◆ Task to complete: Pictures stay out of the copy. Repeat exactly the lines from the first entry below through the line that contains "이번 집중 홍보는 12월", and nothing beyond.

(Entries taken from a collection)

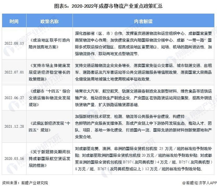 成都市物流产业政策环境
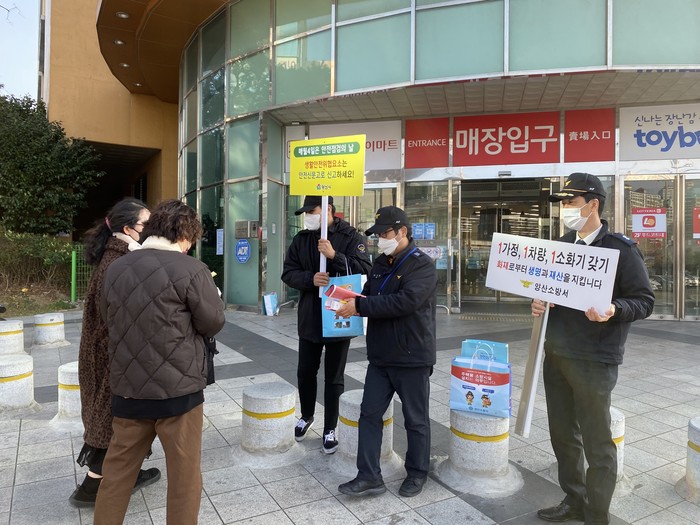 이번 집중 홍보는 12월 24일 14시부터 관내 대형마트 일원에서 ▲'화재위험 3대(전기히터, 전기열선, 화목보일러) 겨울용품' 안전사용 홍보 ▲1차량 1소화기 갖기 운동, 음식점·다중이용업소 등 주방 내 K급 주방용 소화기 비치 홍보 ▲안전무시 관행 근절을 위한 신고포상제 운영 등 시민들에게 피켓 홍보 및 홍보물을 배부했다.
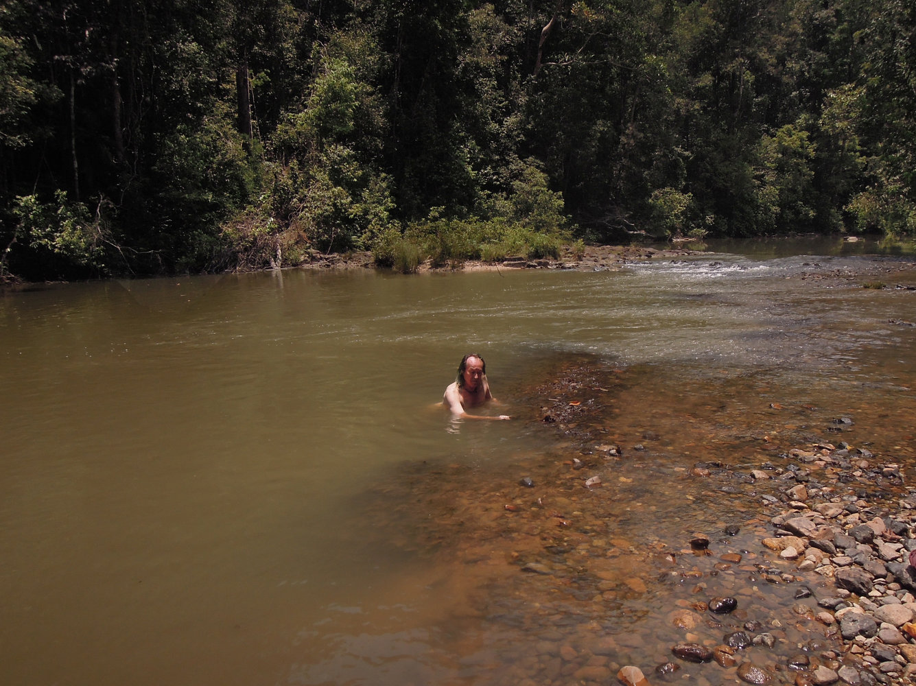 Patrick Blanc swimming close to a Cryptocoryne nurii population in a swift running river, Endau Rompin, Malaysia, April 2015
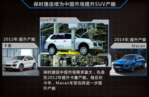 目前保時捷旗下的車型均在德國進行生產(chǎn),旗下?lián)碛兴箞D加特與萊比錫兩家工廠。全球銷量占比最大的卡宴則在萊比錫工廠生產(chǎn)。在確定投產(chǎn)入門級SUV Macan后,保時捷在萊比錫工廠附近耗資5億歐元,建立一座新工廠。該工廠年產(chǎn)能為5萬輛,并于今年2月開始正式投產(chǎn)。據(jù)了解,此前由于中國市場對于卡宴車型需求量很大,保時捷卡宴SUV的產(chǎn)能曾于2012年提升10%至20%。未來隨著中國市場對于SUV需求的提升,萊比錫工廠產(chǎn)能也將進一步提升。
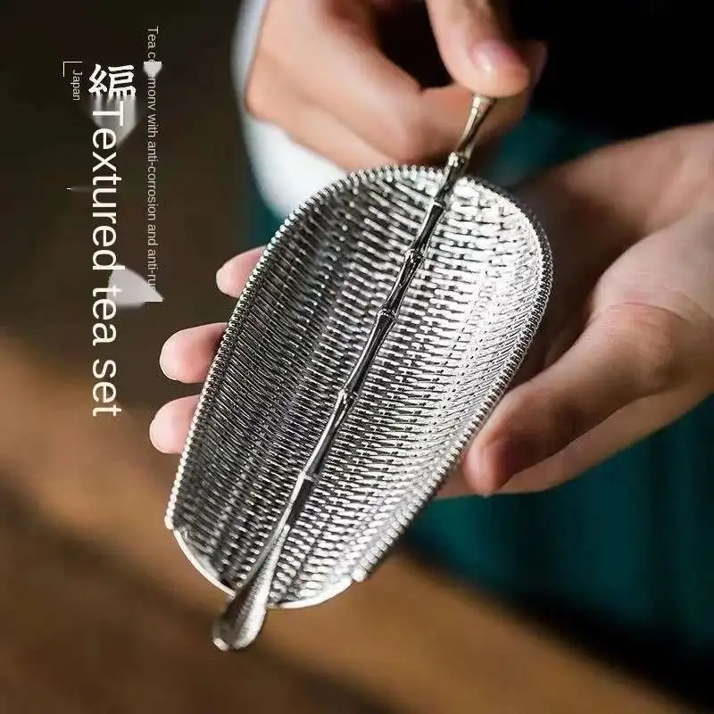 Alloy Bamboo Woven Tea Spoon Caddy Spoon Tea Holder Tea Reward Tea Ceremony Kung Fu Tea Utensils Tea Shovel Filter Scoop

◆ Response:
 成都市物流产业政策环境
 이번 집중 홍보는 12월 24일 14시부터 관내 대형마트 일원에서 ▲'화재위험 3대(전기히터, 전기열선, 화목보일러) 겨울용품' 안전사용 홍보 ▲1차량 1소화기 갖기 운동, 음식점·다중이용업소 등 주방 내 K급 주방용 소화기 비치 홍보 ▲안전무시 관행 근절을 위한 신고포상제 운영 등 시민들에게 피켓 홍보 및 홍보물을 배부했다.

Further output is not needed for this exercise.